Александрийский отмахнулся от Кати и пошел вокруг комнаты, жмурясь, потому что света было мало.
– Она давно здесь поселилась? – спросил Александрийский.
Лидочка поежилась – как же Полина жила в таком мокром холоде? Впрочем, другие живут, и с детьми.
– А ей повезло, – сказала Катя. – Когда она к нам приехала, в этой комнате как раз Марфута померла, судомойка у нас была, из старых, Марфутой звали, она и померла. Вон, видишь, от нее икона осталась. И наш директор отдал комнату Полине. Конечно, на комнату другие были желающие, но он отдал. – Катя шмыгнула носом. – У нас третий день не топят – печь общая, железная, на весь флигель, а с дровами опоздание, дорогу развезло, никак не проедут. А мы мерзни. Надо тебе в Академии поговорить, Паша.
– Чего же ты раньше не сказала? – спросил Александрийский. – Ведь здесь дети.
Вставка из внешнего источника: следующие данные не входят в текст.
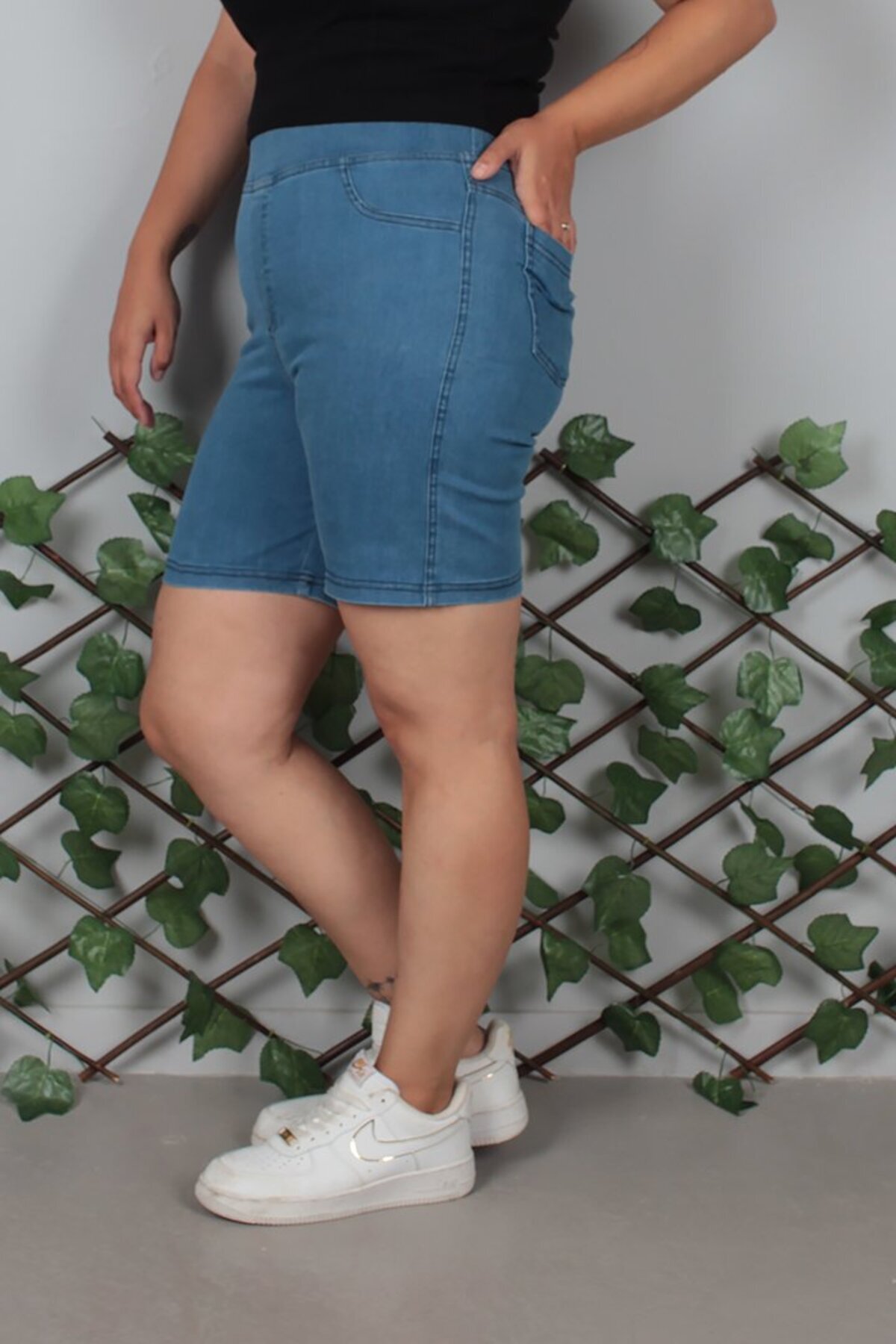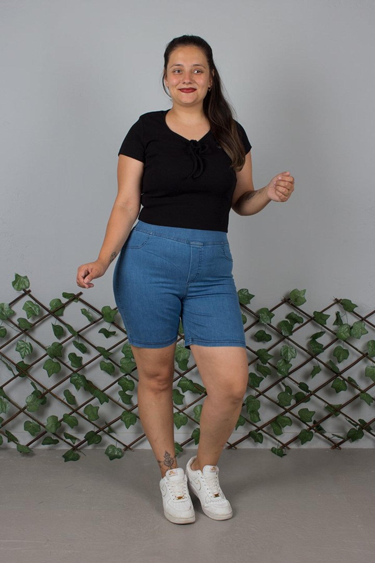 Büyük Beden Yüksek Bel Mavi Kot Şort – Rahat Kalıp, Şık ve Modern Tasarım

– А я как тебя увидела, всю ночь проревела, как дура, думала, лучше бы помер – одна тень от человека осталась.
– Ладно, ты мне рассказывай про Полину.
– У нас на кухне и в столовой работать некому – трех человек выслали, а Марфута померла.
– Как так «выслали»? – спросила Лидочка.
– А к нам милиционер приходил, – сказала девочка хрипло.
– Как выслали? У нас уж третий раз проверяют – чуть кто напишет, так и проверяют: если имение Трубецких, то здесь агенты буржуазии спрятаны. А ты посмотри, как я живу, это что, я – агент, да?
Катя взмахнула полными руками, платок, которым она была покрыта – концы завязаны крест-накрест на животе, – откинулся – руки были полные, красивые. И тут же, как птица крылья, – под живот. Холодно.
– Проклятие князей Трубецких, – сказал профессор.
– У нас всегда не хватает кому обслуживать – нам и присылают черт знает кого, за комнату люди соглашаются, весь коридор засрали.
– А к нам милиция приезжала, – сказал мальчик. Катя стукнула его по затылку. Мальчик заныл. Катя сказала:
– Ты его не жалей, он мой, не обижу.
– И когда Полина появилась здесь? – спросил Александрийский.
– Скоро месяц как приехала. Голодная, мы сначала тоже думали, что беженка с Украины, с голода, а потом ее Трофим узнал. Тогда она молоденькой была, девчонка совсем. А он узнал. Я-то тут не жила, ты знаешь, я московская.
– Я знаю, – сказал Александрийский.
Лидочка увидела, что из-под лампы торчит уголок бумаги. Она вытащила сложенный вчетверо листок. На нем крупно и неровно написано несколько строк. Там, где Полина вспоминала и лизала грифель, буквы были яркими, а к концу слова карандаш становился тусклым, еле видным.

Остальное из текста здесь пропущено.